Google’s chairman Eric Schmidt has said that ‘technology companies should work on tools to disrupt terrorism – such as creating a hate speech “spell-checker”’.
His essay comes as presidential hopeful Hillary Clinton again called in Silicon Valley to help tackle terrorism, specifically seeking tools to combat the so-called Islamic State. She said during a speech in Washington DC, “We need to put the great disrupters at work at disrupting ISIS”.
Writing in the New York Times, Mr Schmidt said using technology to automatically filter out extremist material would “de-escalate tensions on social media” and “remove videos before they spread”.
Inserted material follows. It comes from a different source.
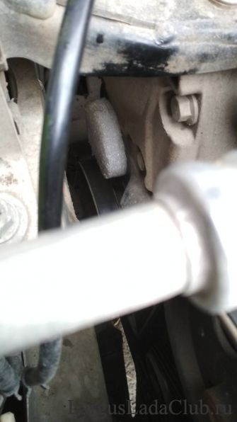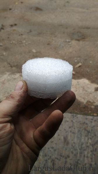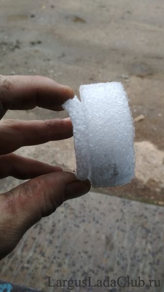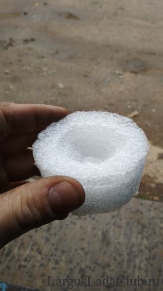 Ездить так нельзя, грязь в приводе ГРМ противопоказана. Ничего подходящего из пластмассы я найти не смог. И тут мне на глаза попался кусок уплотнителя из изолона. Зная размеры отверстия (66 мм) я вырезал ножом шайбу большего диаметра (70 мм) и конус под торчащую гайку крепления. Сделал недалеко от края неглубокий надрез и просто вставил ее на место.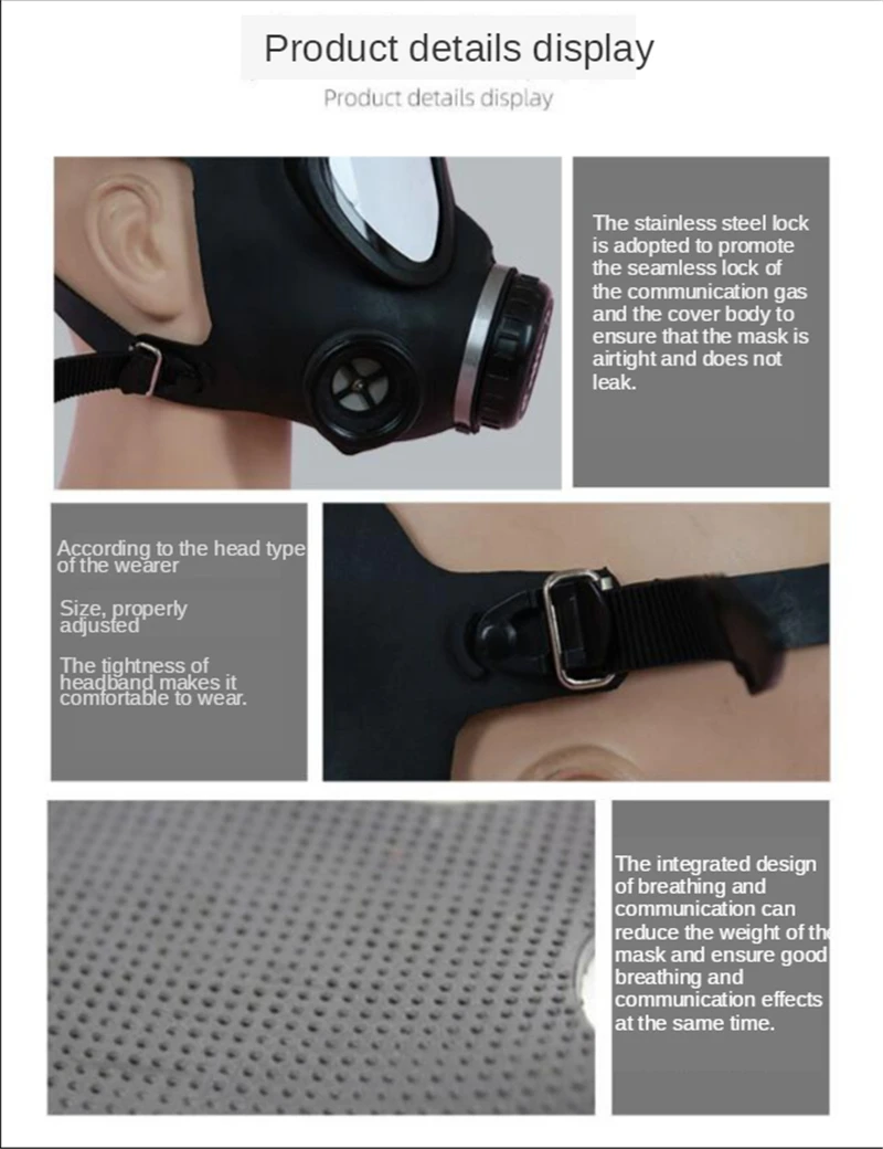 1. Применение Противогаз-это персональное защитное оборудование фильтрующего типа. Он используется в сочетании с канистром, который может эффективно защитить дыхательные органы персонала от вреда от ядов и предотвратить радиацию, биологические и химические яды, дым и радиоактивная пыль. Подходит для использования в различных рабочих местах, таких как промышленность и сельское хозяйство, научно-исследовательские единицы, транспортировка и аварийное лечение. 2. Состав и характеристики Противогаз-это тип повязки на голову, корпус крышки изготовлен из высококачественного натурального силикона, обладает хорошими физическими и механическими свойствами, с устройством вызова, закрытая рама имеет обратную складную структуру, удобно носить, может использоваться с химической защитной одеждой, линза усилена поликарбонатным покрытием, Хороший светильник, хорошая износостойкость и ударопрочность. Продукт соответствует GB2890-2009. 3. Технические характеристики 1. Защита объектов: время для предотвращения хлороводород больше, чем 50 мин (30L/мин, 1,5, поддерживающие шкалу мг/L, отноительная владность (80-80%); 2. Сопротивление износу: не более 100 Па (30 л/мин); 3 визуальное поле: общее визуальное поле не менее 75%, бинокулярное зрительное поле не менее 40%; 4. Скорость утечки маски: ≦ 0.05%; 5. Сопротивление износу ≤ 70. Вдохновляющее сопротивление ≤ 40; 6. Коэффициент передачи загрязнения нефтью канистра, %, ≤ 0,005 7. Компактность канистры: пузырьки не появляются в течение одной минуты 8. Срок хранения: 5 лет

In the wake of the Paris attacks, companies and governments have clashed over how to handle the terrorism threat.
Many tech firms, buoyed by the fallout from the Edward Snowden leaks, have stood firm on encryption – with the likes of Apple and others making it near-impossible to access a locked smartphone without the password, a move that has frustrated some politicians.
With the terrorism debate escalating after last week’s shootings in San Bernardino, Mr Schmidt’s editorial appears to be an attempt to reduce these tensions and show a willingness from technology companies to help.
Mr. Schmidt wrote, “As with all great advances in technology, expanded Web access has also brought with it some serious challenges, like threats to free speech, qualms about surveillance and fears of online terrorist activity. For all the good people can do with new tools and new inventions, there are always some who will seek to do harm. Ever since there’s been fire, there’s been arson.”